Not surprisingly, the conference also highlighted the success of digital subscription plans and the 5 percent increase in circulation revenues they prompted in 2012.

Two different speakers from Gannett said that the company did deep research on the perceived value of newspapers before deciding on steep price increase for both print and print + digital bundles. Typically readers thought they were paying 50 to 200 percent more than they actually were. So why not charge accordingly?

I have argued in past posts that a hidden benefit of bundled print+digital subscription plans is that the industry will be well-positioned over time as reader preferences among platforms shift. For instance, a swing from laptop/desktop to mobile, as many are predicting for the several years, would be a non-event from a subscription point of view for the many subscribers now getting some form of all-access.

Consultant Matt Lindsay of Mather Economics, expressed a similar idea in a different fashion: part of the charm of the bundled model, he said, is that different subscribers can value the component parts differently and still be satisfied.
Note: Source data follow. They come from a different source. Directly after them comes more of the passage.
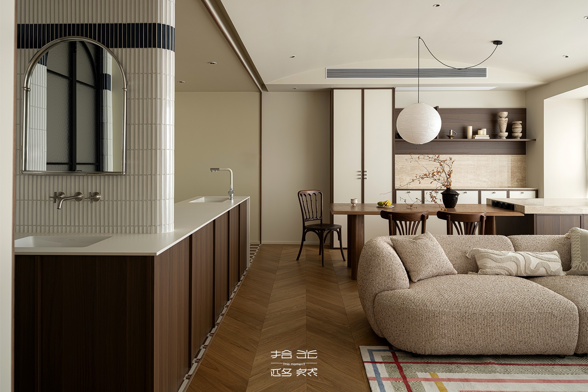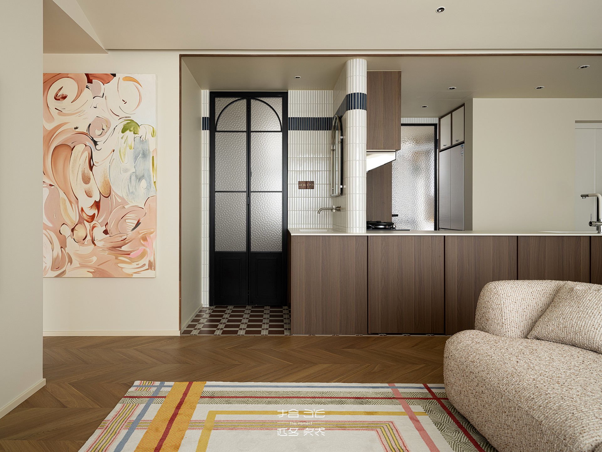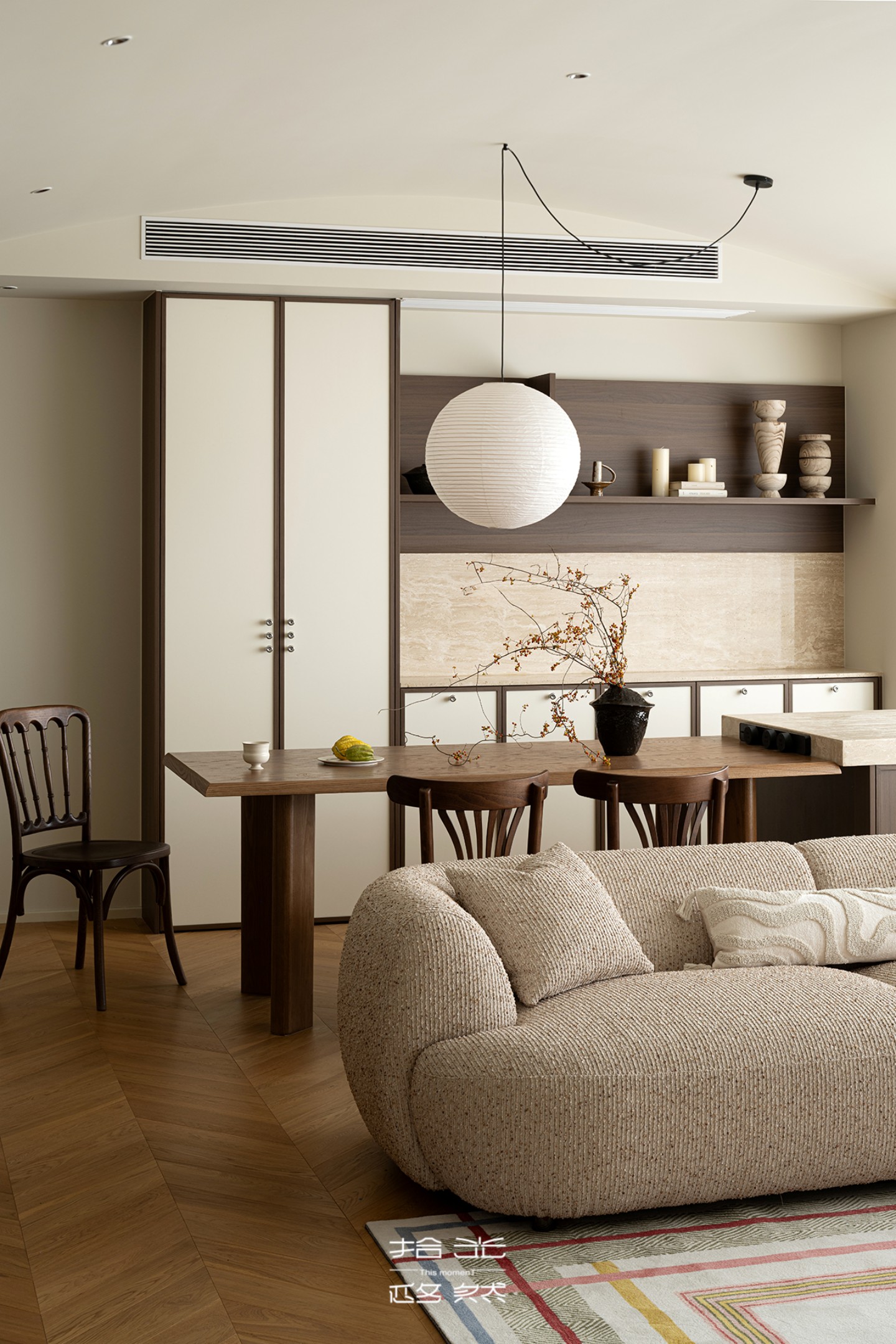 沙发选用带着颗粒肌理的浅棕织物,触感温润且质感凸显;深棕色木质边几与柜体为空间注入沉稳底色,与浅色调佐敦 1875 墙面形成巧妙平衡。一块带有彩色条纹的地毯铺陈其间,既不打破空间的静谧,又为其注入轻盈的层次感。全屋 YouR 木作定制的柜体以细腻工艺无缝融入,让自然肌理与柔和氛围相融共生,勾勒出高端家居的质感美学。
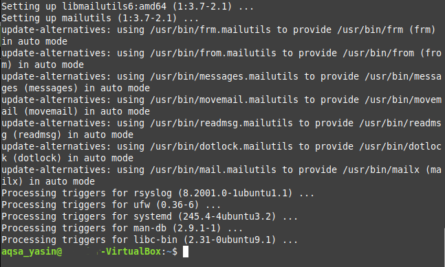 Once the “mailutils” package is installed on your Linux Mint 20 system, along with all the required dependencies, you can run further commands, as shown in the image below:
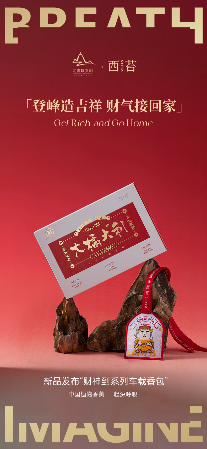 西苔 北高峰财神庙联名款财神到车载香包持久留香便携香包
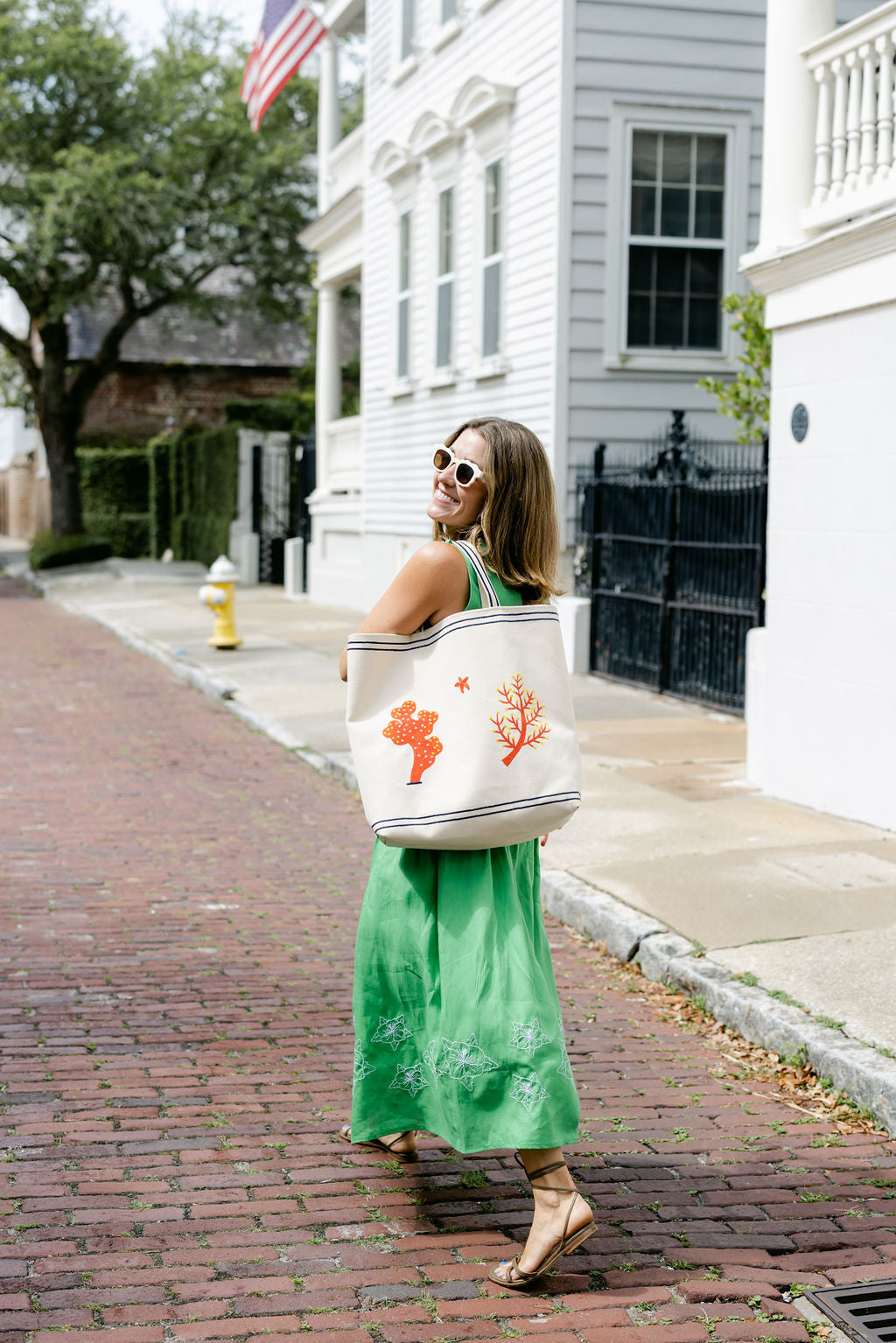 Created in collaboration with Liz Adams, this cotton midi dress features a timeless silhouette that flatters with a round neckline and sleeveless design. The skirt cascades in a flowy drape, accented by delicate white rose embroidery that adds a touch of whimsy.

As a longtime New York Times print subscriber, for instance, I may see $50 of the $70 I pay a month as covering seven days a week of print home-delivery, the other $20 buying unlimited digital access. A young digital-first reader, who gets the less pricey digital and Sunday print option may have the reverse sense of what each is worth.

So I don’t think it is an exaggeration to say that with metered paywalls and bundled subs, the industry has successfully transitioned to a new business model for collecting revenue from subscribers — more of them all the time are paying not just for the paper but for access to content whenever and on whatever platform they want.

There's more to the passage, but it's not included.